**INPUT**:
----------

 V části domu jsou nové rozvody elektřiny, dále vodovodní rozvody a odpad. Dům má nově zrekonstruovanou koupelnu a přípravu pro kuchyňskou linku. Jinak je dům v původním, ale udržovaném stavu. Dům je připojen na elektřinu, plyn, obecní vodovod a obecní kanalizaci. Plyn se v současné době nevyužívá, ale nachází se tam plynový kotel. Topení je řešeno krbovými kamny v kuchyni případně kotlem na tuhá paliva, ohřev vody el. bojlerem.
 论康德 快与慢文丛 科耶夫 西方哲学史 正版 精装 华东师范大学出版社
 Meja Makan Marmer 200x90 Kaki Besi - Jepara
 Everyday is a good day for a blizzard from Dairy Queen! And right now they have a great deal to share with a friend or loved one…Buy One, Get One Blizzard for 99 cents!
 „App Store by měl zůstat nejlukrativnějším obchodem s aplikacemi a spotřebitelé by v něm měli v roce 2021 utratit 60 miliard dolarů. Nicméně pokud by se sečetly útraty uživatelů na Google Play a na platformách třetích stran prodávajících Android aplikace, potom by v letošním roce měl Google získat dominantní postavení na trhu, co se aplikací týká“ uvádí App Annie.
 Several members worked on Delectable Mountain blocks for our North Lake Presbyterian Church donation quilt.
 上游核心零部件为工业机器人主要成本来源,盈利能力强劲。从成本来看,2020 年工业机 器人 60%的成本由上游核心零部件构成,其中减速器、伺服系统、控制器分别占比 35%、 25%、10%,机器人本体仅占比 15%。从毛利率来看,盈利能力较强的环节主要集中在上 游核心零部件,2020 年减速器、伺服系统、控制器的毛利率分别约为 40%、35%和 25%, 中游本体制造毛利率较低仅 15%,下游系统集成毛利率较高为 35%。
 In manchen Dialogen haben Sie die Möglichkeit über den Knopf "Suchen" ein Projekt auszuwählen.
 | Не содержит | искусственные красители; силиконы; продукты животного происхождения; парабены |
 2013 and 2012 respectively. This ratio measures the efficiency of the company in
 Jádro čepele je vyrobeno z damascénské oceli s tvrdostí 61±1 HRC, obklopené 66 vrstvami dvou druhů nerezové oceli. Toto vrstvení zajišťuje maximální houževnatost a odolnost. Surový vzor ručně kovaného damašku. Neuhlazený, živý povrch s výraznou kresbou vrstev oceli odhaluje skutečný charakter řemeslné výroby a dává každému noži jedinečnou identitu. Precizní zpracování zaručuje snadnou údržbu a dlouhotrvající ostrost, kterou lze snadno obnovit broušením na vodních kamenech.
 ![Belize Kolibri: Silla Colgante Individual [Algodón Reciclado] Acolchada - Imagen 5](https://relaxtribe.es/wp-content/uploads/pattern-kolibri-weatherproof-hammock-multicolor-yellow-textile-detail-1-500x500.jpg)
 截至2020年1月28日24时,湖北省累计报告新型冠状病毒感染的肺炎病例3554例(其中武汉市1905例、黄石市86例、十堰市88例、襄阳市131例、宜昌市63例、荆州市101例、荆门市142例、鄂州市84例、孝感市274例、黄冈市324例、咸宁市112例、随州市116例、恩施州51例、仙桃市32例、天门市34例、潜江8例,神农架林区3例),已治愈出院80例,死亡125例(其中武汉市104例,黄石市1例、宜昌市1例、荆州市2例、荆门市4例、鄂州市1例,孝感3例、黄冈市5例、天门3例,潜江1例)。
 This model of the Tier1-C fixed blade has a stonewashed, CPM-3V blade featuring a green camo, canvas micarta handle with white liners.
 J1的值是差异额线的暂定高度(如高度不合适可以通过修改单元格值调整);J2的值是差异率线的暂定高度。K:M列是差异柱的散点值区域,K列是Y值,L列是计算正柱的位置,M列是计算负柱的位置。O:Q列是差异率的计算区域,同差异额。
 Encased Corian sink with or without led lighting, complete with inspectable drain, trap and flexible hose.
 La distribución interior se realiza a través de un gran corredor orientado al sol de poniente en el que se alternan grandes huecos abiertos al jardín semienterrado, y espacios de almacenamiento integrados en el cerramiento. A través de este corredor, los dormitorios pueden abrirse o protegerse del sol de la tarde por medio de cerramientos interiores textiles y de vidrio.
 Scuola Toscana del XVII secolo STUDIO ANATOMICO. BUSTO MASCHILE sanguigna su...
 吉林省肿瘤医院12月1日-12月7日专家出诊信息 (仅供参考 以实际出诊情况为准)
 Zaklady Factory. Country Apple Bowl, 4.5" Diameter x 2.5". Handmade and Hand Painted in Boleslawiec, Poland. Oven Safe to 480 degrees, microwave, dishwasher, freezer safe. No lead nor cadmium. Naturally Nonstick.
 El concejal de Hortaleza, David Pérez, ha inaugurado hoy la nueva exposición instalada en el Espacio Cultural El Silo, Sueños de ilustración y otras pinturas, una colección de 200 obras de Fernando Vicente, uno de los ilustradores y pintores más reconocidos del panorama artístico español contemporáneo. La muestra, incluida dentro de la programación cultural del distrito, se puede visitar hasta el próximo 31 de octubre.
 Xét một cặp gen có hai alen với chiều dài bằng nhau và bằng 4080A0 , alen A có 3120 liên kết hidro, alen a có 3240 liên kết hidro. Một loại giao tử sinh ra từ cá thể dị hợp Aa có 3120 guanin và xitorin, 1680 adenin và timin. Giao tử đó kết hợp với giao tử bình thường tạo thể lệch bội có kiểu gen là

----------

**DESCRIPTION OF THE TASK**: Each line from the one containing "吉林省肿瘤医院12月1日-12月7日专家出诊信息 (仅供参考 以实际出诊情况为准)" to the last line above must be returned exactly, and no line outside that range.

**RESULT BELOW**:
 吉林省肿瘤医院12月1日-12月7日专家出诊信息 (仅供参考 以实际出诊情况为准)
 Zaklady Factory. Country Apple Bowl, 4.5" Diameter x 2.5". Handmade and Hand Painted in Boleslawiec, Poland. Oven Safe to 480 degrees, microwave, dishwasher, freezer safe. No lead nor cadmium. Naturally Nonstick.
 El concejal de Hortaleza, David Pérez, ha inaugurado hoy la nueva exposición instalada en el Espacio Cultural El Silo, Sueños de ilustración y otras pinturas, una colección de 200 obras de Fernando Vicente, uno de los ilustradores y pintores más reconocidos del panorama artístico español contemporáneo. La muestra, incluida dentro de la programación cultural del distrito, se puede visitar hasta el próximo 31 de octubre.
 Xét một cặp gen có hai alen với chiều dài bằng nhau và bằng 4080A0 , alen A có 3120 liên kết hidro, alen a có 3240 liên kết hidro. Một loại giao tử sinh ra từ cá thể dị hợp Aa có 3120 guanin và xitorin, 1680 adenin và timin. Giao tử đó kết hợp với giao tử bình thường tạo thể lệch bội có kiểu gen là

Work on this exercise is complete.